• [Goal of the exercise] Without the pictures, give the records again exactly as they appear.

START Information shown

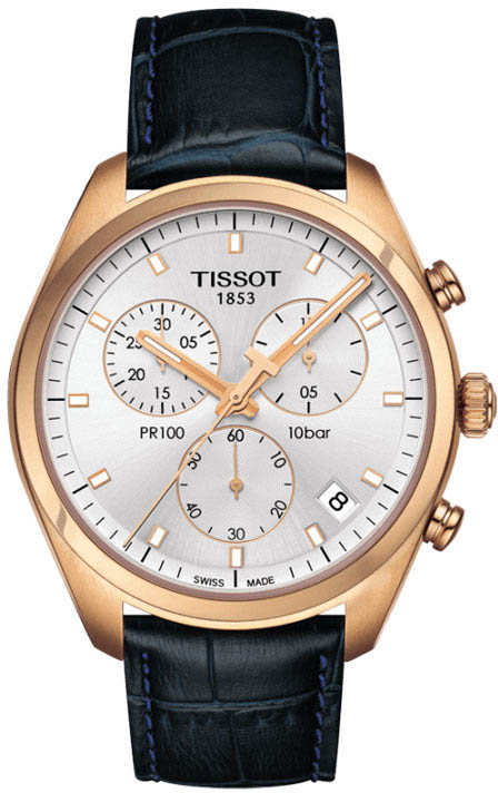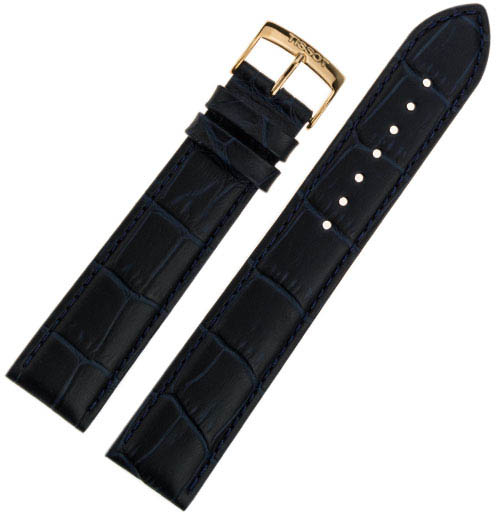 Oryginalny pasek do zegarków męskich Tissot PR 100 Chronograph. Wykonany ze skóry naturalnej Tissot T600037058 w kolorze niebieskim. Przeznaczony do zegarków Tissot PR 100 z numerem serwisowym na deklu T101417, ale również do innych modeli, do których można założyć pasek o szerokości 20 mm. Klamerka wykonana ze stali szlachetnej w kolorze różowego złota posiada wyraźny napis Tissot.
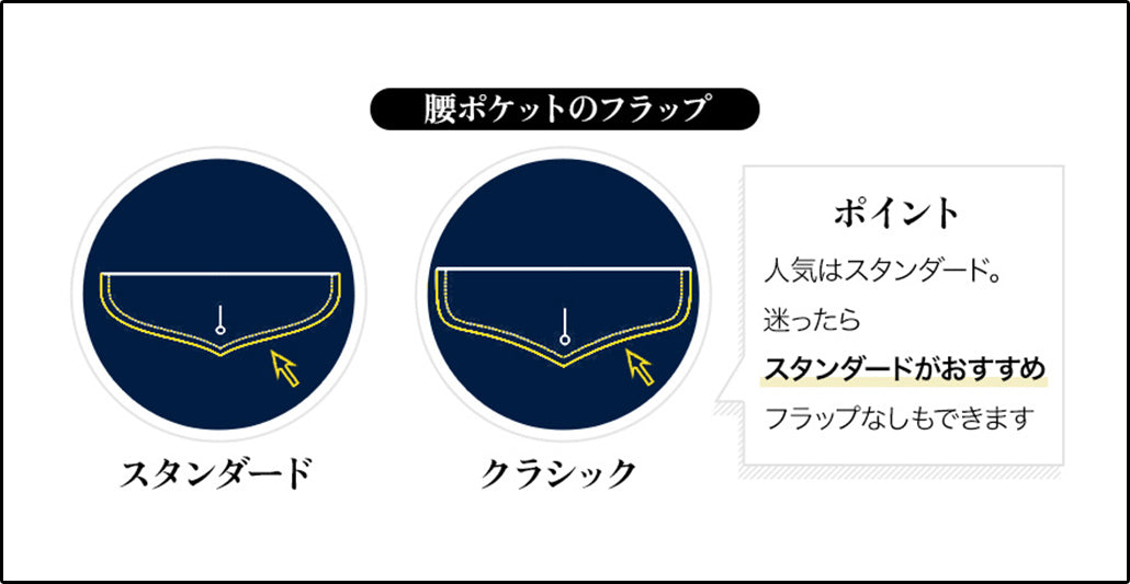こだわる方には、「スタンダード」と「クラシック」2種類のフラップデザインをご用意。
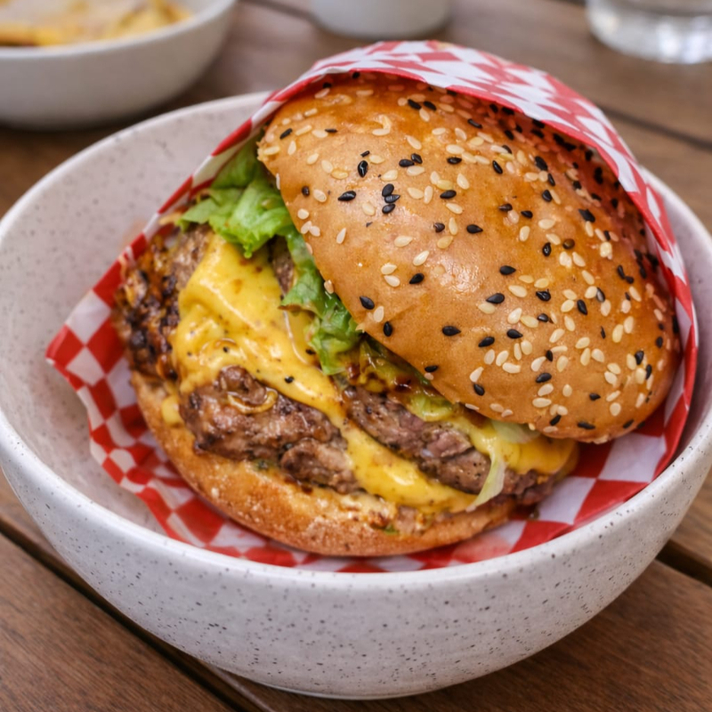 Carne 100% res de 150gr, queso americano, mayonesa, catsup, mostaza, cebolla cruda, tomate y lechuga.
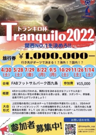 関西NO.1フットサルサークルを決める!トランキロカップが4月より開催!
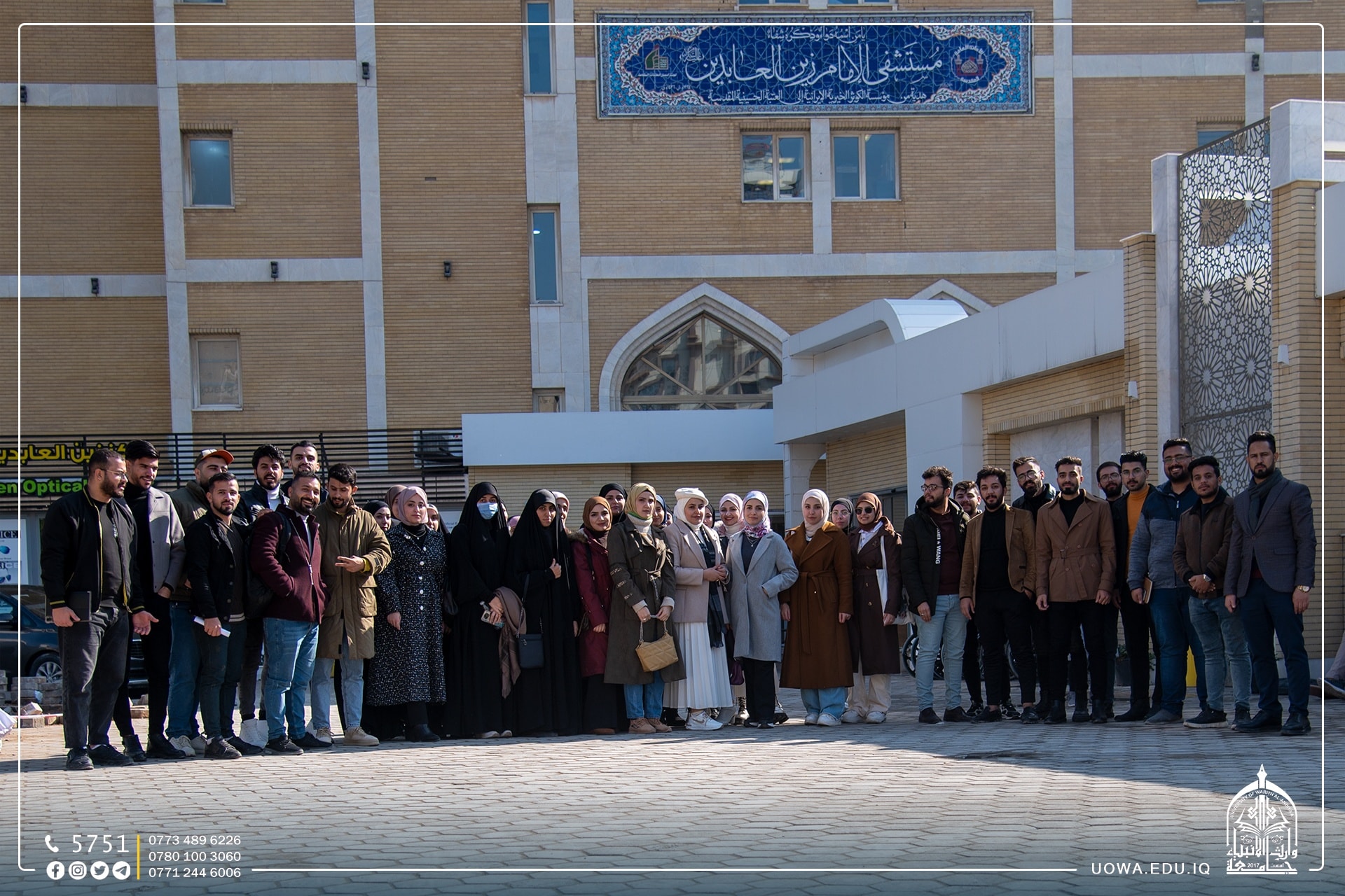 The Department of Biomedical Engineering at Warith Al-Anbiyaa University organized a scientific visit to Imam Zain Al-Abidin Hospital accompanied by the professors of the department to see the medical devices and equipment in the hospital departments and to identify the diagnostic medical devices used.

END Information shown

• [Written response]
 Oryginalny pasek do zegarków męskich Tissot PR 100 Chronograph. Wykonany ze skóry naturalnej Tissot T600037058 w kolorze niebieskim. Przeznaczony do zegarków Tissot PR 100 z numerem serwisowym na deklu T101417, ale również do innych modeli, do których można założyć pasek o szerokości 20 mm. Klamerka wykonana ze stali szlachetnej w kolorze różowego złota posiada wyraźny napis Tissot.
こだわる方には、「スタンダード」と「クラシック」2種類のフラップデザインをご用意。
 Carne 100% res de 150gr, queso americano, mayonesa, catsup, mostaza, cebolla cruda, tomate y lechuga.
 関西NO.1フットサルサークルを決める!トランキロカップが4月より開催!
 The Department of Biomedical Engineering at Warith Al-Anbiyaa University organized a scientific visit to Imam Zain Al-Abidin Hospital accompanied by the professors of the department to see the medical devices and equipment in the hospital departments and to identify the diagnostic medical devices used.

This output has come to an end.